Re: simplerdf & Towards the future RDF library

Hi Nicola,

> I am not sure what you mean by performance gain

For instance, one of the reasons why N3.js is fast is because I use very simple data structures.
I'm pretty sure (= experimentally verified in the past) that using heavier interfaces will slow things down.
Now of course, I understand the interoperability benefits of having a shared interface;
but we should surely think about what this interface should look like.
And I think that library authors, like you and myself, should have a say on that
(regardless of whether RDF-Ext or a new library X becomes the thing we program for).

> In fact, to serve my web app in javascript I can just browserify what I need, instead of browserifying the whole (previous) library.

I can imagine that; but there is a difference between modularization on a technical perspective
or modularization on organizational perspective.

For instance, N3.js is modular from a technical perspective:
you can browserify any of its parts and they will work without the others.
It is not modular from an organizational perspective: it's just one lib/repo.

> However, I think that we - as the rdfjs group - can also bring this and the RDF-Ext spec conversation in an appropriate place as suggested by others

I'd really love that.
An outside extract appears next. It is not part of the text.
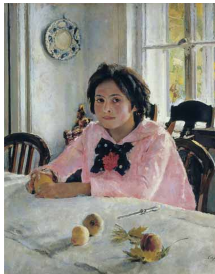
Valentin SEROV Girl with Peaches. 1887 Oil on canvas 91 by 85 cm

образный жанр – пейзаж-картина. Речь идет об уже названных работах Репина «На меже», «На мостике в парке», «Абрамцево», о картине Поленова «На лодке» (1880). Впервые в русском искусстве жизнь усадьбы как таковой, разнообразие ее мотивов, впечатление от них, меняющееся в разное время года и суток, подверглись столь пристальному вниманию художников. Состояние лирической созерцательности, ощущение радости от погожего летнего дня и элегического грусти, навеянной осенним увяданием природы, зимняя пора – все становится предметом художественного осмысления, предвосхищая поэтику усадебных мотивов В.Э.Борисова-Мусатова, С.Ю.Жуковского, художников «Мира искусства», одной из главных тем которых стала жизнь русской усадьбы, эстетизация старины.
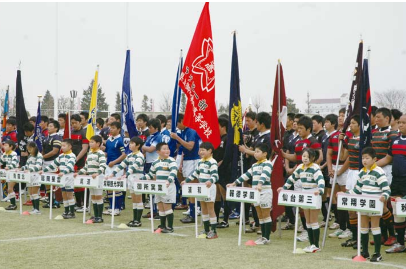
全国高等学校選抜ラグビーフットボール大会開会式（県営熊谷ラグビー場）

今年第10回の記念大会を迎え、開会式では参加32校の先導を、熊谷ラグビースクールの子どもたちが務めました。プラカードを持つ子どもたちは、緊張の中にもとてもうれしそうでした。将来この大会に出場する子もいることでしょう。

We need to stick together.
I much rather develop something together with you guys
than continue my own separate projects—which would never have
all the features we could build together.

Summarizing: I'm all for technical modularization,
but we should organize ourselves organizationally much better.
One core lib for basic things like parsing/storing/writing
(think of Jena and RDF.rb) might actually be good;
and people could still modularize that if needed for browsers.